The source code for tarsnap is available to view, so you could audit/inspect it yourself, but it is not under an open source license.


But its not cheap, which was my point. 100GB of storage costs:

$300/year at tarsnap

$36/year at S3


Finally, numbers other than picodollars and gigabyte months and unpredictable deduplication. This convinces me I don't want to store 4TB there at a huge cost($12,000 if it's really $300 a year for 100GB) compared to buying two 4TB drives (~€250 per 3-4 years) and placing them at a friend's with free bandwidth.

Don't get me wrong: managed, off-site encrypted backups are very attractive, and I might be willing to pay a premium, especially for software from a trusted person, but not the cost price hundredfold.


Tarsnap isn't intended to be used as one-time backup like that, and it's super expensive if used that way. It's very cheap when used to backup (almost) the same 4GB for 1000 days in a row, which is what a lot of people/businesses need for their backup solutions.


It's not one time, I'd be incrementally writing updates to the disks. With a raspberry pi or something, the power costs are near negligible.


Rough estimate here:

If you upload 4tb in a year, that's 333.33gb/month

So for tarsnap that equals

- $1k/year in data transfer charges (4000gb * $0.25 transfer charge * 12 months)

- $83/month per month of data (333gb * $0.25 storage cost/month)

- $6.4k/year for the first year ($83 * 78 cumulative months in a year)
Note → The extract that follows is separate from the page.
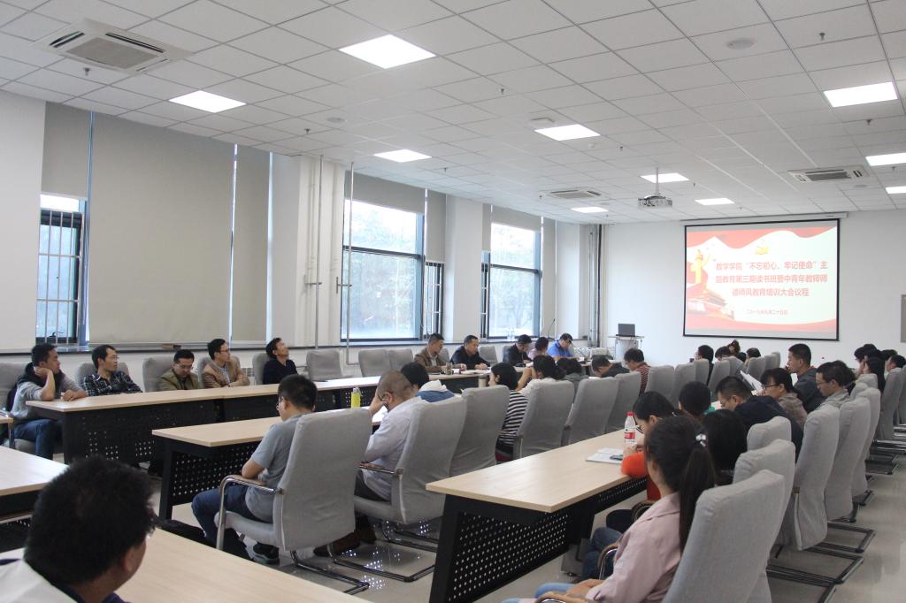 为了进一步贯彻中央思想建党、理论强党的方针政策,着力深化理论武装,全面提升学院党的建设质量,推动学院“不忘初心、牢记使命”主题教育理论学习往深里走、往心里走、往实里走,9月25日下午,yl88858cc永利官网党委在学院会议室举办“不忘初心、牢记使命”主题教育第三期读书班暨中青年教师师德师风教育培训大会,学院党政班子成员、党委委员、各支部书记以及40岁以下中青年教师参加了会议。党委书记李长宏主持大会。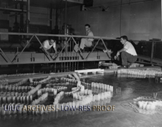 Caption on back: Models of Ill. Highway-460 bridge over Wabash River flood plain to New Harmony, Ind. Built by U. Ill. engineers who found way to tame eddy which threatened to drop bridge into 40-foot deep hole. Solution is 100-foot upstream dikes dire

So $7.4k for 12 months resulting in 4tb

If usage stays the same each year will add $12k to the incremental yearly cost


> that's 333.33gb/month

I have 4TB of data, which changes an unknown amount (probably around 20-50GB per month) and grows slightly (probably 5-15GB per month).

In any case, thanks for the calculation. Tarsnap is apparently not for the common person who wants to back up everything including their media.


That actually works out worse - $14K for the first year, $13K for the second year.


Add another $1k to that for data transfer (assuming you only upload that 4tb once)


That sort of backup is what AWS Glacier is for, is it not?


I guess, I haven't really looked at it yet. And I'd have to find my own software to encrypt it before uploading. Tarsnap's software is one of the major selling points, at least to me.


I hate to think the cost if you had to restore that data from glacier though.


How much do you save after dedublication? Tar-snap could be a lot cheaper if you do frequent backups or you often change little in huge files.


Backup tools like attic (which I use) include automatic deduplication. There are surely minor differences in implementation, but tarsnap isnt the only implementation of deduplicating backup.